While a breach may be based on real or perceived grievances, the impact on the relationship is real. To contribute to a culture that values discernment rather than caution at these times, we will do well to accept rather than avoid the hole and develop our capacities to warm-up to our spontaneity in response. This workshop is concerned with what you do after there has been a breach in a working alliance: It’s not about getting it right. It’s about being committed to doing the next thing. The wider purpose is to further develop your capacity to build robust working relationships in your field of work.
There will be a focus on:
- Getting a larger perspective of the dynamics of the relationship, including the sociometry of the system in which the relationship exists;
- Developing flexibility in our warm-up, including warming up to progressive functioning while recognising and accepting the coping and fragmenting roles that emerge;
- Developing interventions, cognisant of the situation and the purpose of the working relationship.

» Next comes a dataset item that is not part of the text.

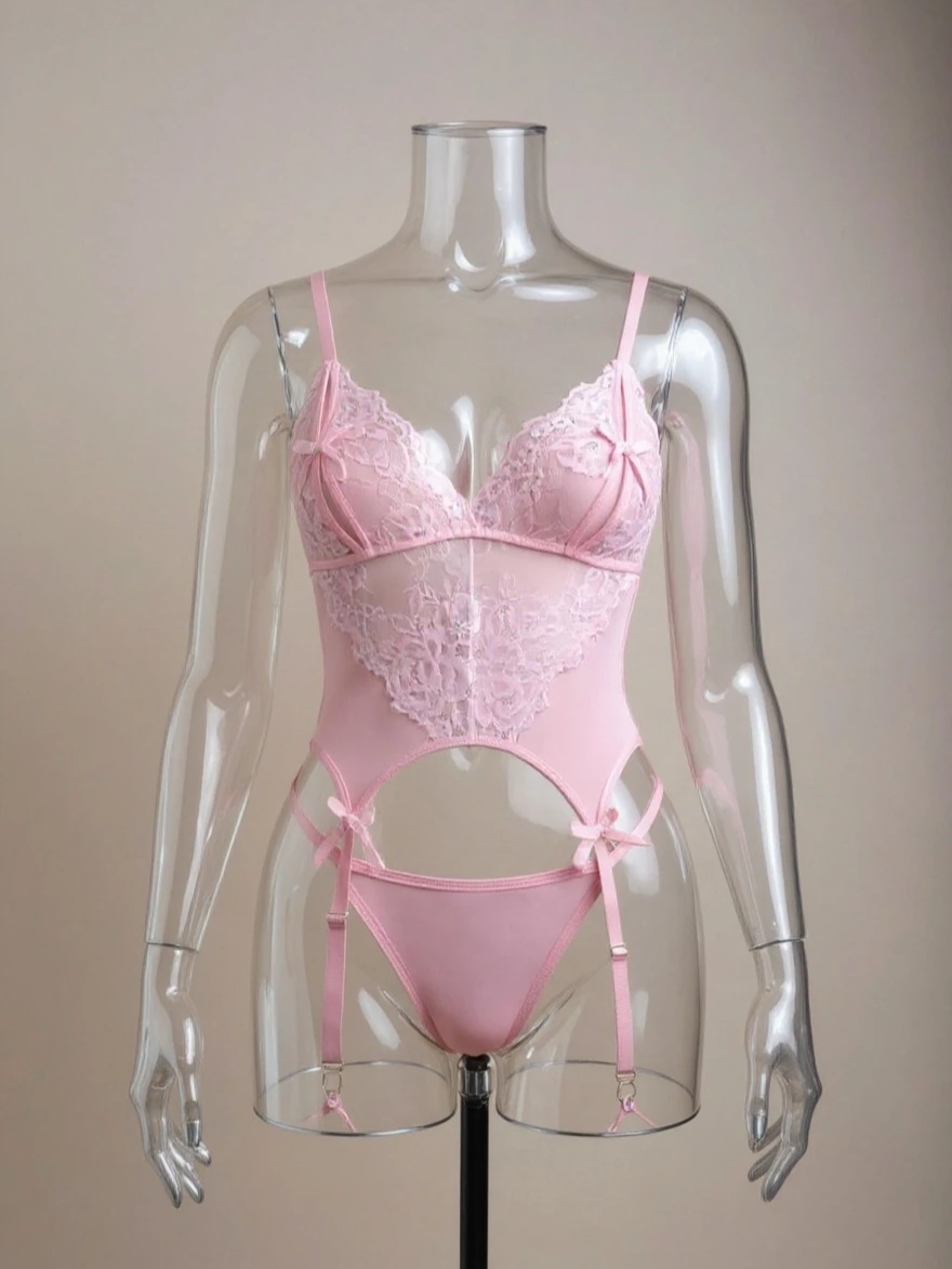 ست لباس زیر زنانه فانتزی ۴ تکه مدل شیشه ای فنردار و جورابدار کد 4185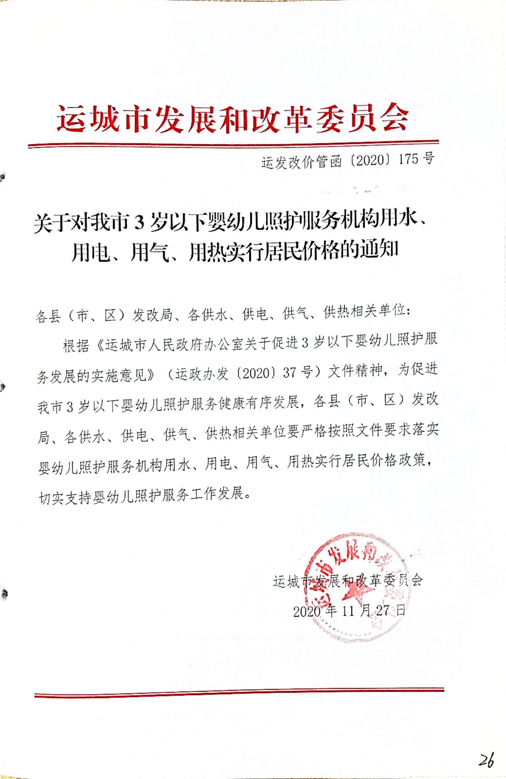 關(guān)于對我市3歲以下嬰幼兒照護(hù)服務(wù)機(jī)構(gòu)用水、用電、用氣、用熱實(shí)行居民價(jià)格的通知

The full range of psychodramatic modalities will be used through the workshop – sociometry, sociodramatic and psychodramatic enactments of areas relevant to the group, and undoubtedly some role training when specific role development is called for.
About Dr Charmaine McVea TEP
Charmaine is a psychodramatist and psychologist in private practice. Based in Brisbane, she commutes regularly to Sydney where she is Director of Training at Psychodrama Australia’s Sydney-Canberra campus. Charmaine enjoys working with people who want to bring greater vitality to their life and relationships and does this as a psychodrama trainer, as a therapist and as a consultant in organisational and community settings. Like many of us Charmaine confronts complex and challenging relationship issues in her work and brings this experience to this workshop. She has an original sense of humour and a keen intellect and participants can expect to be challenged and surprised by what they discover about themselves and the systems they encounter.